И все же, несмотря на грубость, его голос звучал надтреснуто, в нем слышалась необычная печаль и боль.
— Кстати, о будущем, — продолжал он, как будто вспомнил что-то важное. — Насколько я помню, это твоя последняя девичья ночь, или как там она называется? Ты должна быть дома и готовиться стать женщиной. Что, нет? Тогда полагаю, что твой робкий жених скрывается где-то в пивнушке и бурно прощается с холостяцкой жизнью.
— Эрик. Его зовут Эрик. И он не одобряет подобных развлечений. Он… он дома.
— Какой разумный мальчик! Набирается сил перед брачной ночью! Но почему же тогда ты здесь, а, Цыпленок Мел? Чему я обязан ни с чем не сравнимым удовольствием быть в твоем обществе?
Она знала, что он задаст этот вопрос.
— Я… я хочу поговорить.
— А я не хочу. Прощай.
Он уже собирался захлопнуть перед ее носом дверь, но она успела быстро шагнуть вперед и удержать ее.
— Даниэл, прошу тебя… Джеффри просил, чтобы я поговорила с тобой.
Он оцепенел. Голубые глаза впились в нее, пытаясь заглянуть ей в душу.
— Джеффри! Какого черта он суется сюда?
— Думаю, ты знаешь. Или попробуй догадаться, — продолжала она. — А если ты впустишь меня, то я сама тебе все расскажу.
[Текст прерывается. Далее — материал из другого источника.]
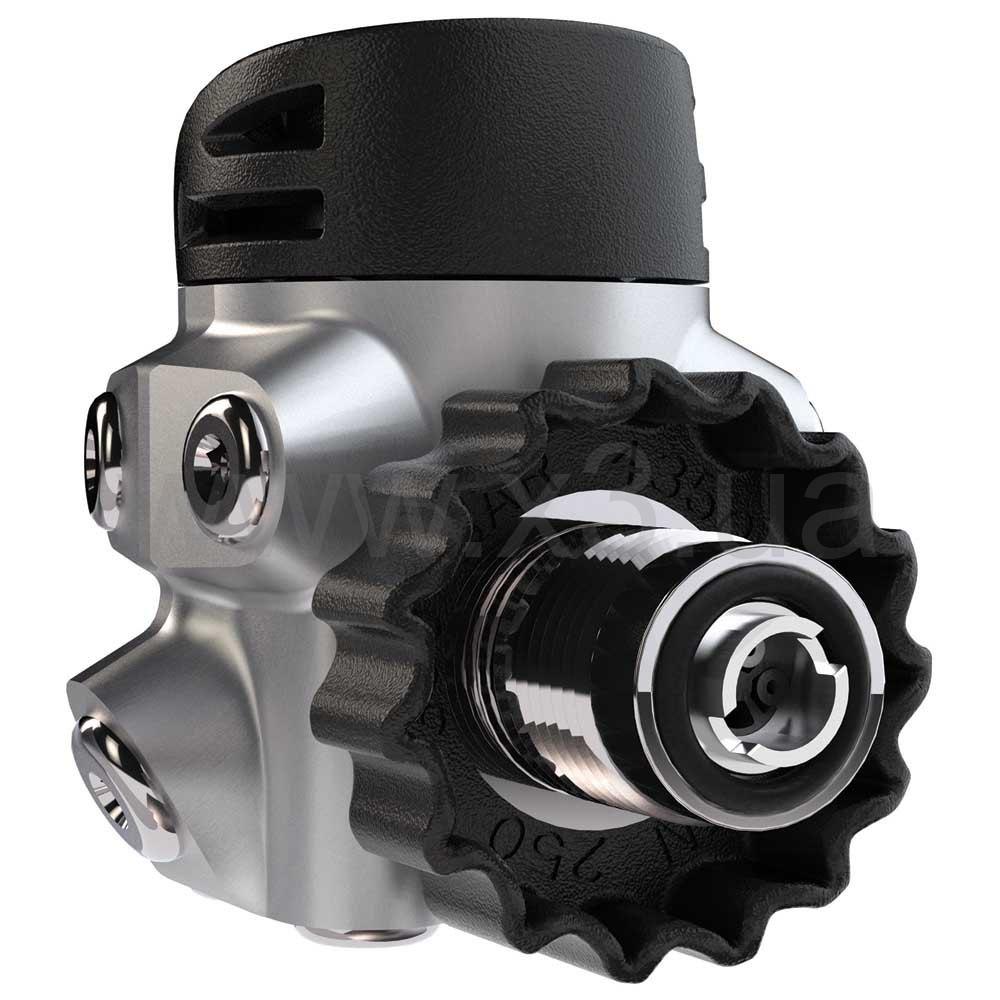 Сбалансированная 1-я ступень 4 боковых и 4 нижних порта низкого давления Идеален для всех технических и рекреационных конфигураций Каналы DFC на всех портах низкого давления Наклон портов высокого давления Автоматический запорный клапан AST (416812) Компактные размеры Несбалансированная 2-я ступень Нижний подход шланга ко второй ступени Может быть установлен на правую или левую сторону Двойной клапан выдоха Большая и удобная кнопка принудительной подачи воздуха Технологии: Ultralight Technopolymer Устойчивый к износу материал, идеально подходит для дайвинга в теплой и умеренной температуре воды. DFC Минимизирует промежуточный перепад давления во время вдоха, таким образом максимизирует подачу газа, особенно в экстремальных условиях. VAD Воздухозаборная трубка подает воздух в загубник, создавая закрученный вихрь с зоной низкого давления в центре, который удерживает диафрагму во время вдоха, для очень чувствительного и легкого дыхания на всех глубинах. Создаёт впечатление увеличение лёгкости дыхания при одинаковом расходе воздуха.
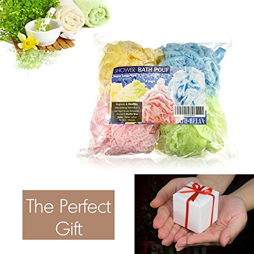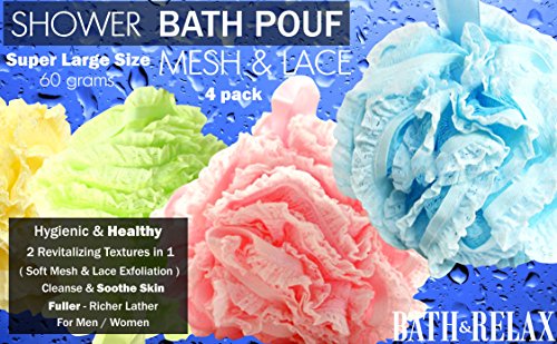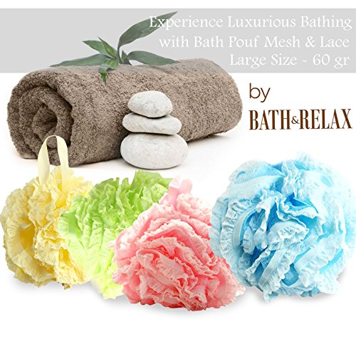 Bath Pouf Large Mesh & Lace Trim Shower Sponge Set of 4 Pack 60gr, Exfoliating Cleanse Soothe Skin Loofah Luffa Body puff Mesh Exfoliate Skin Lofah...
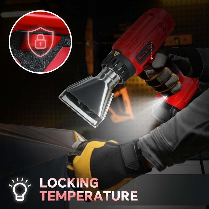 【Wide Applications with 4 Replaceable Nozzles】---This RexLeLXB heat gun is the first choice for professionals and DIY enthusiasts. In addition, we are giving away 4 nozzles for a variety of applications such as craft heat guns, shrink wrap, vinyl wrap, epoxy, candle making, wire connection, automotive packaging and more. With the proper nozzle attached to this portable battery heat gun, it can be used on a variety of surfaces and materials.
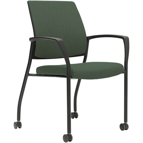 Urbin multi-purpose stackable armchair with upholstered inner and outer back and upholstered padded seat - Fully welded black powdercoat 4 leg steel frame on castors
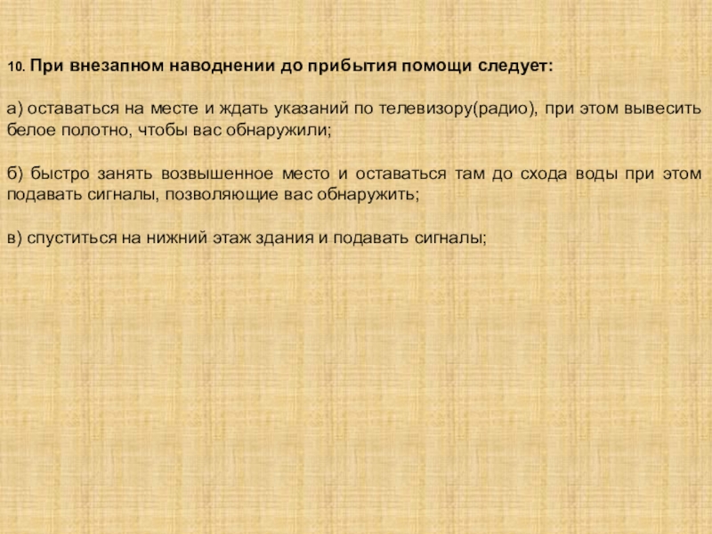 Слайд 1210. При внезапном наводнении до прибытия помощи следует:
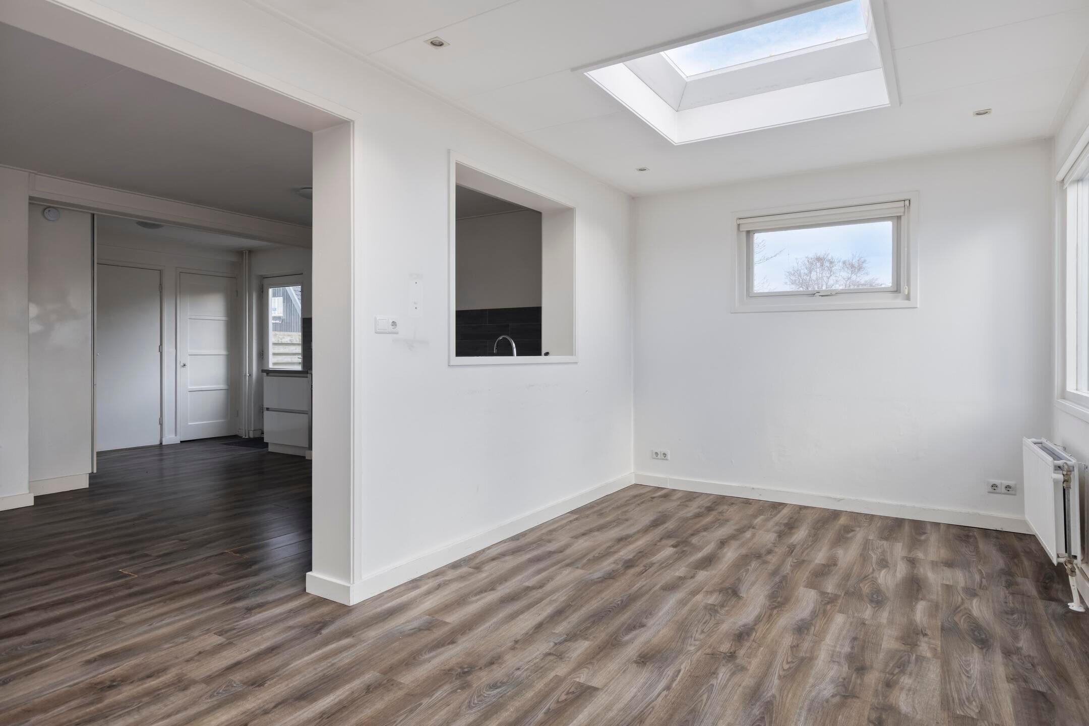 De woonkamer is gelegen aan de voorzijde van de woning en meet circa 3,81 m x 5,97 m (ca. 22,7 m²). Een prettige, lichte ruimte met voldoende privacy ten opzichte van de keuken.

Его холодные, оценивающие глаза снова стали болезненно-ранимыми. Несколько секунд он молча смотрел на нее, и на его лице был написан упрямый отказ. Но внезапно его лицо изменилось, и, широко распахнув дверь, он насмешливым жестом пригласил ее войти.
— Прошу, — сказал он и отступил в сторону.
Памела прошла в огромную гостиную. Даниэл вошел следом за ней, пнул ногой дверь спальни, потом прислонился к. ней и сложил руки на груди.